= VOR: The Maelstrom =

VOR: The Maelstrom is a science fiction miniature wargame, set in the 22nd century. It was published by FASA in 1999, but was discontinued following FASA's cessation of activities in 2001. The rules are written for 28mm skirmish games and include both set forces and rules for creating custom forces.

==Background==
In the VOR universe, the Earth has been sucked into a pocket universe known as the Maelstrom. Factions in the game include the following:

- The Union: The North American Union is the combination of all North American nations; they possess advanced technology and superior tactics.
- Neo-Soviets: Resurgent communist Russian forces, with crude but powerful weapons and mutated animals. The Neo-Soviet Empire cares for the nation as a whole and not any one citizen. It employs chemical and radiation weapons at will. The "human wave" tactic is the most common strategy used.
- Growlers: The Growlers are primate-like monsters directed by the pack's collective packmind, strong and adaptable, and the main enemies of the Zykhee. The four main breeds are:
- Razorbacks - The razorback breed inhabits areas of high metallic ore concentrations. Their spines and teeth are now made of metal.
- Bluefangs - The bluefangs inhabit any lush jungle or forest they can find. As ambush hunters they will sit and wait for prey, but tend to graze their area as well, making them bloated by the sheer volume of food taken in.
- Fireguts - These growlers have actually used heat to release the energy of their food rather than chemical reactions.
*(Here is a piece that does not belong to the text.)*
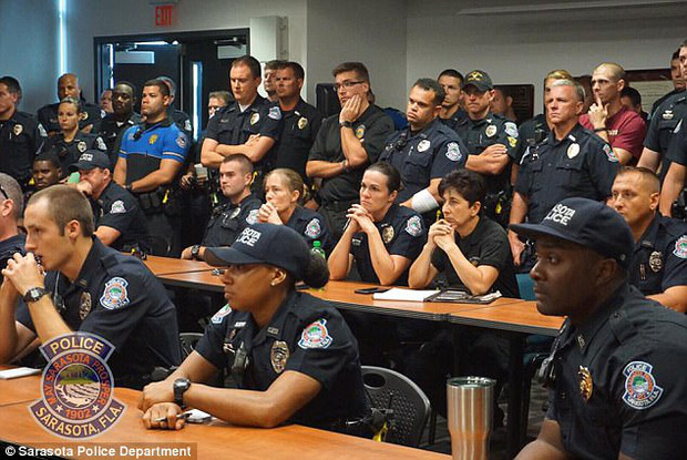 Cảnh sát thành phố Sarasota chăm chú trong cuộc họp chuẩn bị để ứng phó với bão Irma.
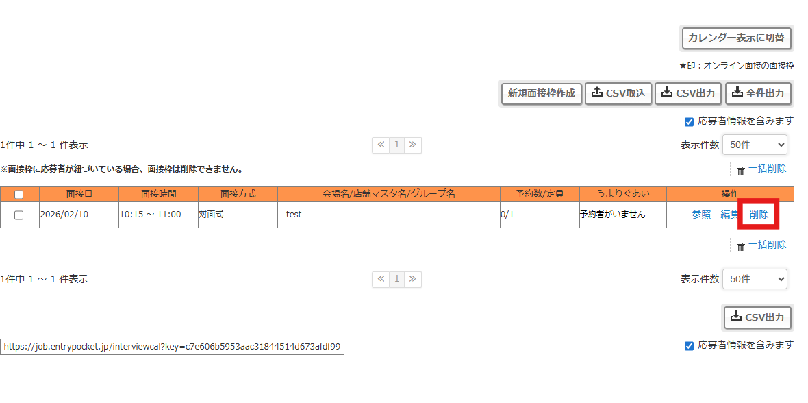 ◻︎面接枠を削除する際に、一部条件でエラー画面に遷移する事象を解消します。

They inhabit areas of volcanic activity and have the ability to spit lava.
- Whitetusks - The most intelligent of growlers, the Whitetusks are the best coordinated of all the breeds. Identified by their white fur and large tusks coming from their heads they make up the smallest of the growler breeds.
- Zykhee: Vaguely humanoid aliens with advanced technology, powerful melee weapons and spiritual abilities.
- Shard: The Shard are a race of lifeforms who have transcended physical form and have become pure energy. Upon entering the Maelstrom they found the need to encase said energy/essence in crystalline forms. Vaguely humanoid in shape, the Shard have an extreme hatred for 'carbons' (carbon-based lifeforms), and stop at nothing to wipe them out.
- Pharon: The Pharon are a dead race. Formerly mummified, similar to the mummies of Ancient Egypt the strange energies of the Maelstrom have reanimated them. They attack other races for their life-giving fluids and parts. The Pharon often reanimate their enemies to serve as slaves until such time as the slaves fall apart.
- Mashers: The Mashers are very primitive creatures, yet they can 'mash' (meld) with technology. They are a race of scavengers, and bear a physical similarity to Neandertals.
- Golem: These solid creatures wear power armour. They are actually two creatures – a mindless host and an intelligent parasite, who enslave and conquer worlds.
- Ceru: The Ceru are a race of blue, gnomish beings who were enslaved by the Golem, but broke free when the Golem's homeworld (where the Ceru happened to be at the time) got sucked into the Maelstrom. They specialize in vehicles and are constantly on the move.

==Publishing history==
The setting allowed players to include new forces as other worlds are consumed by the Maelstrom and had guidelines to create rules for them. Unfortunately the complete custom force rules were never published. Since Vor went out of print, other games such as Ætherverse have offered universal design systems.

Mike "Skuzzy" Nielsen, is both creator of the game, and an avid Vor mascot.
A Vor 2.0 game was announced in 2008 (on the now-defunct Official VOR: The Maelstrom 2.0 website), but failed its 2010 Kickstarter campaign fundraising goal of US$25,000 and has since been shelved.